It was in 1946, as a student of the Slade School of Art, when William Turnbull created his first sculpture of a horse’s head. Comprised of two intersecting planes perpendicularly bisecting each other, Turnbull’s subject is uniquely abstracted while immediately recognizable. His harnessing of the evocative power of ancient sculpture’s formal simplicity and totemic nature is crystallized in his modernist investigation into the possibilities of meaning-construction from this visual typology. Turnbull’s method of creating an image borders on that of the archetype: he distills the essential qualities of a horse into readable forms that capture the animal’s presence. This particular treatment of form would become the leitmotif of Turnbull’s practice, reappearing throughout his career.

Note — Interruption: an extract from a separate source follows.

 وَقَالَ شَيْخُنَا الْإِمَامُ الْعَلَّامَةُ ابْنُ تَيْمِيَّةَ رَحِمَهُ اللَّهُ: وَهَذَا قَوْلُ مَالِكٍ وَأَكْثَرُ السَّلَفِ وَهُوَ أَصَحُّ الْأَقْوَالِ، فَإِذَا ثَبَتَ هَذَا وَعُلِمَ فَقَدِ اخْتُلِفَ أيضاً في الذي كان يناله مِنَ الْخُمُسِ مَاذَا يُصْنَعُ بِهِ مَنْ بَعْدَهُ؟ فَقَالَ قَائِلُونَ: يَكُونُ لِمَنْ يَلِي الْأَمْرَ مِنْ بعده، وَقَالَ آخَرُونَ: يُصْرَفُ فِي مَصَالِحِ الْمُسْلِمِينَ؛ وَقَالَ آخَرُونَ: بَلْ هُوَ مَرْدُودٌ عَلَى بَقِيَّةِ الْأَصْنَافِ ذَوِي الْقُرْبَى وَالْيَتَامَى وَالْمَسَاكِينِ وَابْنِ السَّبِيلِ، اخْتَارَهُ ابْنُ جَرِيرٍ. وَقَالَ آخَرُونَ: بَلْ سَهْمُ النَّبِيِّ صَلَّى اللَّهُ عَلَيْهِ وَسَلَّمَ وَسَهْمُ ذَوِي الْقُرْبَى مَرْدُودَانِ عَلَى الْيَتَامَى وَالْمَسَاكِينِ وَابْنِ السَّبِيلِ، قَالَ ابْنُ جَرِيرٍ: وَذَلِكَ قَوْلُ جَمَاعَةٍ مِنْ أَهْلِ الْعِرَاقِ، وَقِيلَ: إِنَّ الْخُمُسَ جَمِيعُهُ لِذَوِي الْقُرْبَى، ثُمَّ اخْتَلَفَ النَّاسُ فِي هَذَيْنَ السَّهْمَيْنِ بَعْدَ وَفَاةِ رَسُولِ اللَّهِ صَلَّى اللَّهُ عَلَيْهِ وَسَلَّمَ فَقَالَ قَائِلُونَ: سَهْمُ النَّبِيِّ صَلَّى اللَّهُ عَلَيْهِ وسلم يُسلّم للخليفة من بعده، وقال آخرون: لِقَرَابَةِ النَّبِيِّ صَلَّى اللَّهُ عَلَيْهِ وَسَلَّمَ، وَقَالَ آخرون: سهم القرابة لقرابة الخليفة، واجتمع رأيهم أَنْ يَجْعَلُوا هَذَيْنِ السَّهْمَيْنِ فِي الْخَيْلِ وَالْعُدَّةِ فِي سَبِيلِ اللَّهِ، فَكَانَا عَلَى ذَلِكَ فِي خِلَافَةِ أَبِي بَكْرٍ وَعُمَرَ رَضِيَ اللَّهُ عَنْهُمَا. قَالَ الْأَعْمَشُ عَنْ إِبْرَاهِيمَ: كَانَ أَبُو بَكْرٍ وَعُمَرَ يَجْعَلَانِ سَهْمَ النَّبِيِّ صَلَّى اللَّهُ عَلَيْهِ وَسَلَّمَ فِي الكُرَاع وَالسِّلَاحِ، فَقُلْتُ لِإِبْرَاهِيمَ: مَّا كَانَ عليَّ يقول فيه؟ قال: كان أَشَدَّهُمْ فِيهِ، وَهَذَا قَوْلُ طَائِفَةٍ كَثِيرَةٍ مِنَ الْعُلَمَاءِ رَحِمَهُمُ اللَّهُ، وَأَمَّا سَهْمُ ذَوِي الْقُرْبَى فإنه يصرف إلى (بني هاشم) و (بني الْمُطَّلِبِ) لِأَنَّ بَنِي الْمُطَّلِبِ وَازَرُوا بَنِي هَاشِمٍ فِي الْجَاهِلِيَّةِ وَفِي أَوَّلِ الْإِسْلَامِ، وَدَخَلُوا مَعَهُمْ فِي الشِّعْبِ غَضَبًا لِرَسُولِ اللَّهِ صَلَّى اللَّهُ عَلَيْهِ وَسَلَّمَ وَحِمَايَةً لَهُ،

"When I make horse’s heads—I have done them pretty well ever since the beginning—it’s always been with this idea of having a metaphoric quality. But also with only part of the horse represented, you didn’t feel the rest of the horse is missing. That has always fascinated me in sculpture where the part can become the whole."
—William TurnbullHeld in the esteemed collection of Robin Quist Gates for over three decades, Horse 2, 1987, marked Turnbull’s return to this visual theme, this time with different terms. The intervening years provided a crucial distance for reflection, experimentation, and development. In reworking the image of the horse, Turnbull reflected, “it is very interesting to see the possibility of enormous variation. It is not necessary to take a new theme, but to transpose something.”i Even so, the attributes that first drew Turnbull to render the animal as his subject remain; the horse’s enduring relation to humanity, its formal similarity to tools such as the adze, and its appearance in antiquity including in the frieze of the Parthenon, all extend the possibilities of creation for Turnbull.
Two smooth panels of polished bronze define Horse 2 in clean lines and curves. The front panel depicting the horse’s face bears two holes which serve as the eyes and allows further psychological entrance to the sculpture. The back panel is essentially an arch, representing the neck and mane of the horse. Its shape, reminiscent of a classical Greek Corinthian helmet, communicates the movement and heroism typically associated with the animal. The carved grooves suggest the mane and teeth of the horse, providing the sculpture with an outwardly weathered and powerful appearance.
An essential frontal dynamism still dominated Turnbull’s practice by 1987, but there is also a sense of stillness present in Horse 2 that introduces a level of contemplative stasis to this work. The closed arch of the head grounds Horse 2, offering a solid steadiness that balances the delicateness of the sculpture—a stunning reprisal of Turnball’s eternal subject.